A partire da metà giugno verranno fermate le linee 1, 2 e 3. Una scelta che l’azienda lega a fattori internazionali: la crisi in Medio Oriente, la chiusura dello stretto di Hormuz e i bombardamenti che hanno colpito alcune raffinerie clienti. A questo si aggiunge la pressione crescente della concorrenza cinese, che rende sempre meno sostenibili gli attuali livelli produttivi.
Uscite volontarie e nodo del confronto sindacale
L’azienda ha annunciato l’intenzione di avviare interlocuzioni dirette con i lavoratori per favorire uscite volontarie. Una scelta che i sindacati contestano apertamente, perché esclude un confronto collettivo e il ricorso agli strumenti previsti per le crisi industriali.
Per Filctem Cgil, Femca Cisl e Uiltec Uil, il rischio è quello di frammentare le tutele e indebolire la posizione dei lavoratori proprio nel momento più delicato. Da qui la richiesta di aprire un tavolo sindacale vero, in grado di affrontare la situazione con strumenti condivisi e trasparenti.

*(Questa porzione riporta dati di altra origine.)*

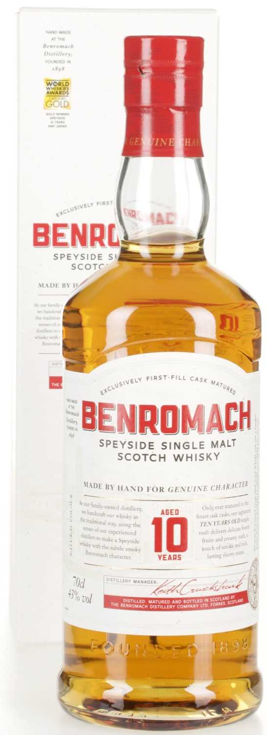 Benromach 10 Year Old ist ein Single Malt Whisky, der der Whiskytradition der schottischen Speyside gewidmet ist. Dies bedeutet, dass für seine Herstellung ein wenig Torffeuer verwendet wurde, so wie es in den Zeiten vor den 1960er Jahren üblich war, wenn nicht genügend Kohle zum Darren des Malzes verfügbar war. Die Reifezeit verbrachte dieser Whisky zunächst in ehemaligen Bourbon Fässern (zu 80%) und ehemaligen Sherry Fässern (zu 20%), ehe er für das letzte Jahr komplex in first fill Oloroso Sherry Fässer gelegt wurde.
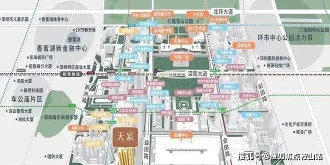天宸(佳园)项目位于深圳市福田中心区滨河大道与民田路交汇处东北角,东边是会展中心,东北面能看见平安金融中心大楼,西侧是发展兴苑东区,南邻滨河大道,北临星河国际。总的来看,项目处于绝佳C位!
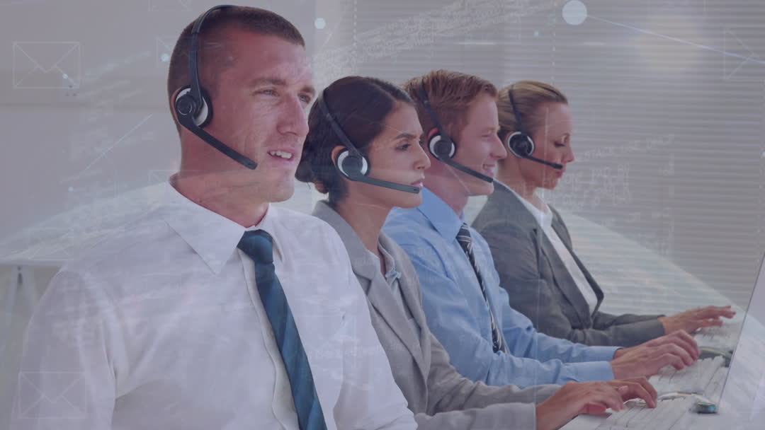 Multi-Ethnic Customer Support Team Using Headsets in Modern Office Video
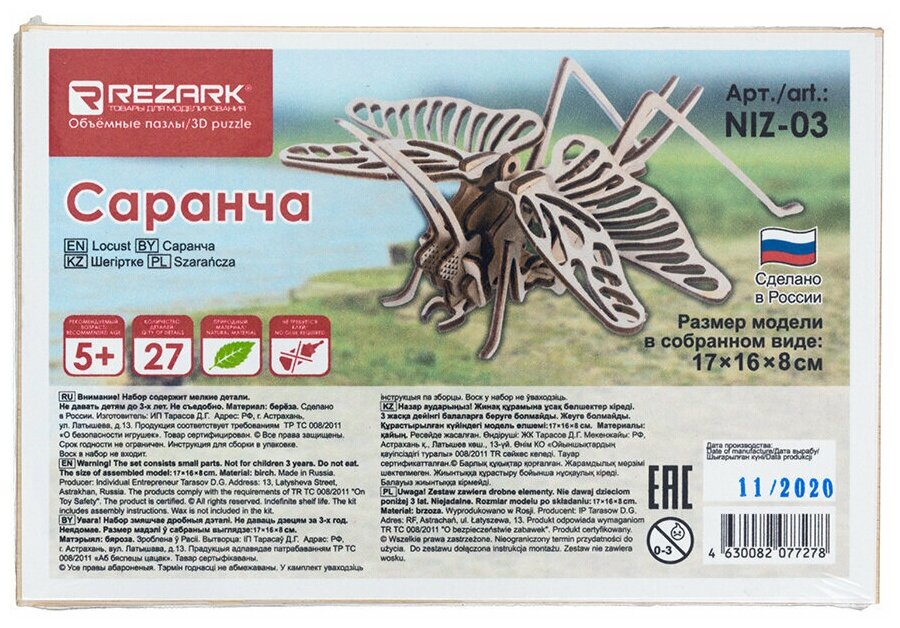 творч._сборные модели_rezark пазл 3d саранча 8E7025 информация:
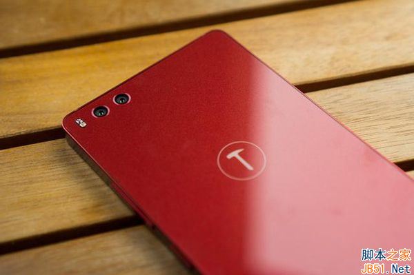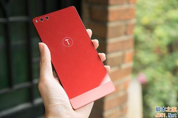 背部左上角则是放置了双色LED闪光灯以及1300万像素双摄像头。锤子的浮刻LOGO则放在了机身中部。
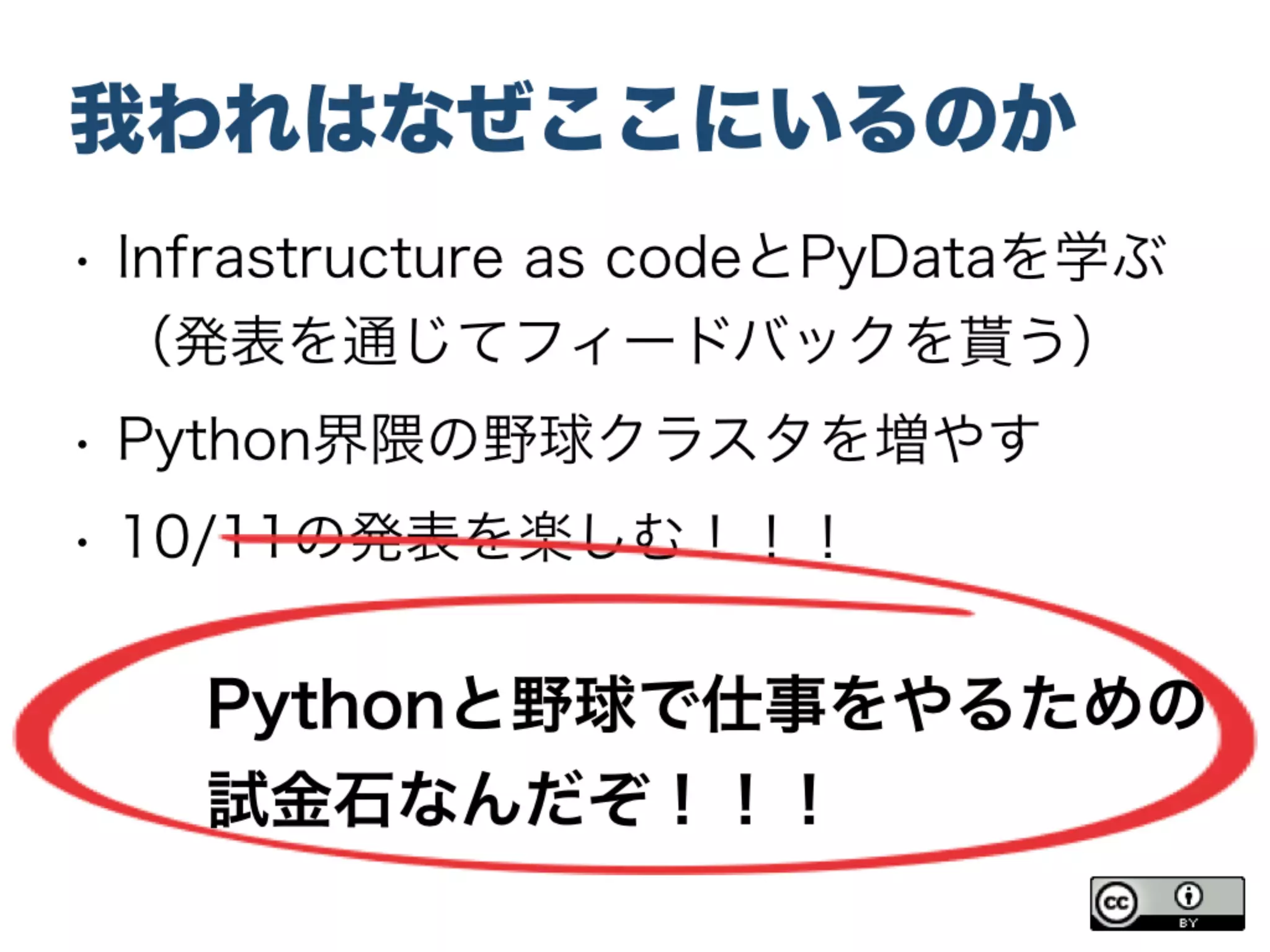 まとめ • 価値を創るプロセスはカンファレンス/勉強会でも有効 聴衆の皆さま、自分にとっての価値は何か? をプロセスを駆使して解くといいよ! • Pythonが好き・野球が好き、だけでは価値は創れない! まずは想いを絵にして自問自答 絵はインセプションデッキでも何でもいい(Lean

Macchiareddu sotto pressione
La vicenda Fluorsid si inserisce in un contesto già fragile. L’area industriale di Macchiareddu vive da tempo una fase di difficoltà, tra riduzioni produttive e incertezze sul futuro di diversi stabilimenti. Il timore delle organizzazioni sindacali è che questo nuovo passaggio possa innescare un effetto a catena, con una perdita significativa di posti di lavoro e un ulteriore indebolimento del tessuto industriale locale.
Nei prossimi giorni sono previste assemblee con i lavoratori. Saranno quelle sedi a definire le prossime mosse, tra mobilitazione e richieste di intervento istituzionale.